GOAL OF THE EXERCISE: Pictures stay out of the copy. Retype exactly the lines below from the one with "This 1969 Oldsmobile" through the one with "内野は6人ずつですが、華大千".

PROVIDED DATA:

□ □ □ □

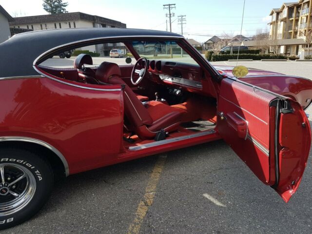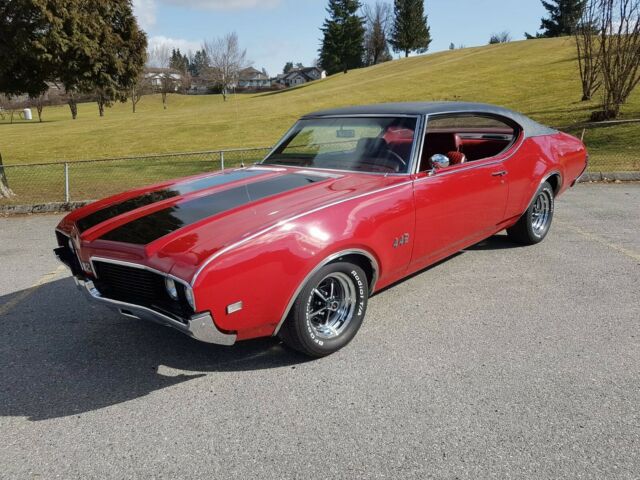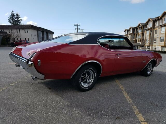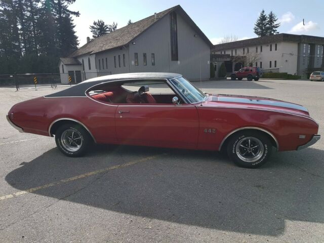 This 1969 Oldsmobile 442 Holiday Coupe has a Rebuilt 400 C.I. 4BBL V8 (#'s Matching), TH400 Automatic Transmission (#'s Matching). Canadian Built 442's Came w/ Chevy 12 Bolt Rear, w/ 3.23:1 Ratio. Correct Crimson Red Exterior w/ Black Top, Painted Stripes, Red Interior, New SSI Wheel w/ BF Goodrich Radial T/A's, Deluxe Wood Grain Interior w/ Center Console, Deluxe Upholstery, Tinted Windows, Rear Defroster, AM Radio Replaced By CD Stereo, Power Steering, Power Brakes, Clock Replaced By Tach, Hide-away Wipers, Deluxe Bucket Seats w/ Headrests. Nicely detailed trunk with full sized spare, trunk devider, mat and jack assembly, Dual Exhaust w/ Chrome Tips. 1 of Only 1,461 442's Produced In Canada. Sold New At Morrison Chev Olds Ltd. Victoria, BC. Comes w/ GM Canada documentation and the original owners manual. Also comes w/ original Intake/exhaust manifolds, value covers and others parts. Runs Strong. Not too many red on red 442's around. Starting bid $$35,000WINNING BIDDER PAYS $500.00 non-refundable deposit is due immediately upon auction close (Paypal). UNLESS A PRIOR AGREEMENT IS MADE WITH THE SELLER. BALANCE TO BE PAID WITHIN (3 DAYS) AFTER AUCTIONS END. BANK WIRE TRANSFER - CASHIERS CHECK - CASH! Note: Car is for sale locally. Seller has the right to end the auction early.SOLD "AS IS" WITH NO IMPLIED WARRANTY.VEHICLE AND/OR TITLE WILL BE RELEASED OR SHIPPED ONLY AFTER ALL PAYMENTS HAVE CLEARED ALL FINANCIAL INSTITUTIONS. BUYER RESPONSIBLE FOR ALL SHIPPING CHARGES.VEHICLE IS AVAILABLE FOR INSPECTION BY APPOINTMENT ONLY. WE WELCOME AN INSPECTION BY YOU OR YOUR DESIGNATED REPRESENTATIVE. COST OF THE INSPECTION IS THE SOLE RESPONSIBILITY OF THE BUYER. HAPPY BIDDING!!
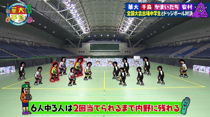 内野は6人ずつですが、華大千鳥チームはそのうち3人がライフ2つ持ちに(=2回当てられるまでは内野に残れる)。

□ □ □ □

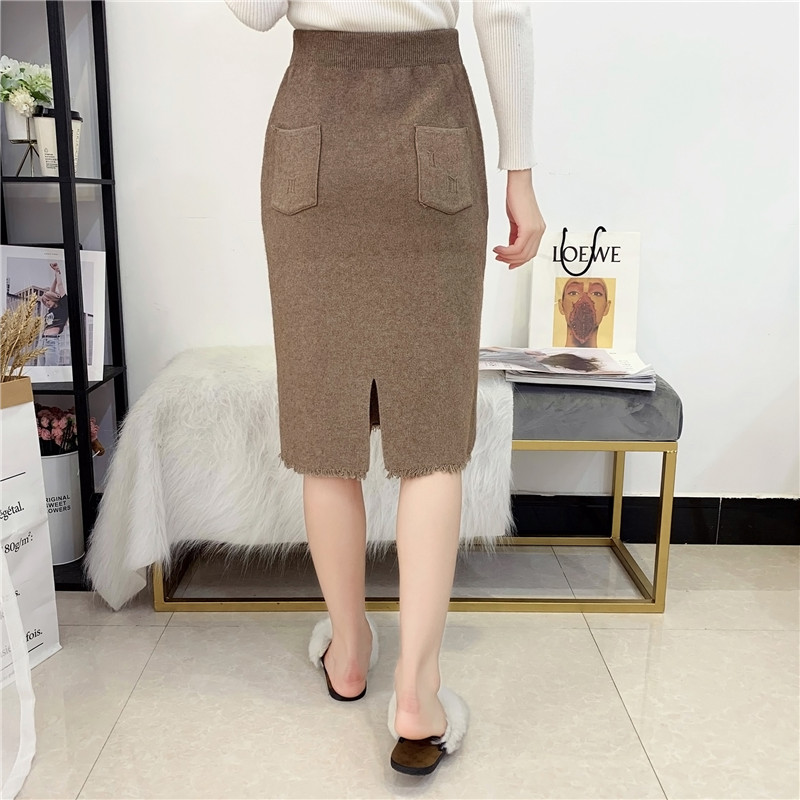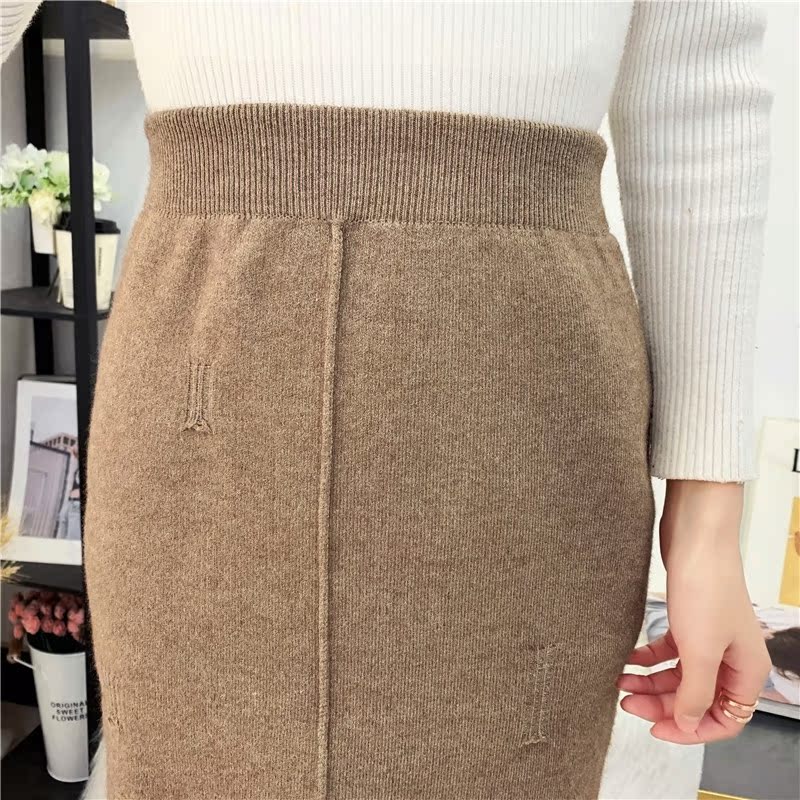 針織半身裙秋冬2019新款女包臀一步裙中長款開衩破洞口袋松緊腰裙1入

□ □ □ □

RESULT:
 This 1969 Oldsmobile 442 Holiday Coupe has a Rebuilt 400 C.I. 4BBL V8 (#'s Matching), TH400 Automatic Transmission (#'s Matching). Canadian Built 442's Came w/ Chevy 12 Bolt Rear, w/ 3.23:1 Ratio. Correct Crimson Red Exterior w/ Black Top, Painted Stripes, Red Interior, New SSI Wheel w/ BF Goodrich Radial T/A's, Deluxe Wood Grain Interior w/ Center Console, Deluxe Upholstery, Tinted Windows, Rear Defroster, AM Radio Replaced By CD Stereo, Power Steering, Power Brakes, Clock Replaced By Tach, Hide-away Wipers, Deluxe Bucket Seats w/ Headrests. Nicely detailed trunk with full sized spare, trunk devider, mat and jack assembly, Dual Exhaust w/ Chrome Tips. 1 of Only 1,461 442's Produced In Canada. Sold New At Morrison Chev Olds Ltd. Victoria, BC. Comes w/ GM Canada documentation and the original owners manual. Also comes w/ original Intake/exhaust manifolds, value covers and others parts. Runs Strong. Not too many red on red 442's around. Starting bid $$35,000WINNING BIDDER PAYS $500.00 non-refundable deposit is due immediately upon auction close (Paypal). UNLESS A PRIOR AGREEMENT IS MADE WITH THE SELLER. BALANCE TO BE PAID WITHIN (3 DAYS) AFTER AUCTIONS END. BANK WIRE TRANSFER - CASHIERS CHECK - CASH! Note: Car is for sale locally. Seller has the right to end the auction early.SOLD "AS IS" WITH NO IMPLIED WARRANTY.VEHICLE AND/OR TITLE WILL BE RELEASED OR SHIPPED ONLY AFTER ALL PAYMENTS HAVE CLEARED ALL FINANCIAL INSTITUTIONS. BUYER RESPONSIBLE FOR ALL SHIPPING CHARGES.VEHICLE IS AVAILABLE FOR INSPECTION BY APPOINTMENT ONLY. WE WELCOME AN INSPECTION BY YOU OR YOUR DESIGNATED REPRESENTATIVE. COST OF THE INSPECTION IS THE SOLE RESPONSIBILITY OF THE BUYER. HAPPY BIDDING!!
 内野は6人ずつですが、華大千鳥チームはそのうち3人がライフ2つ持ちに(=2回当てられるまでは内野に残れる)。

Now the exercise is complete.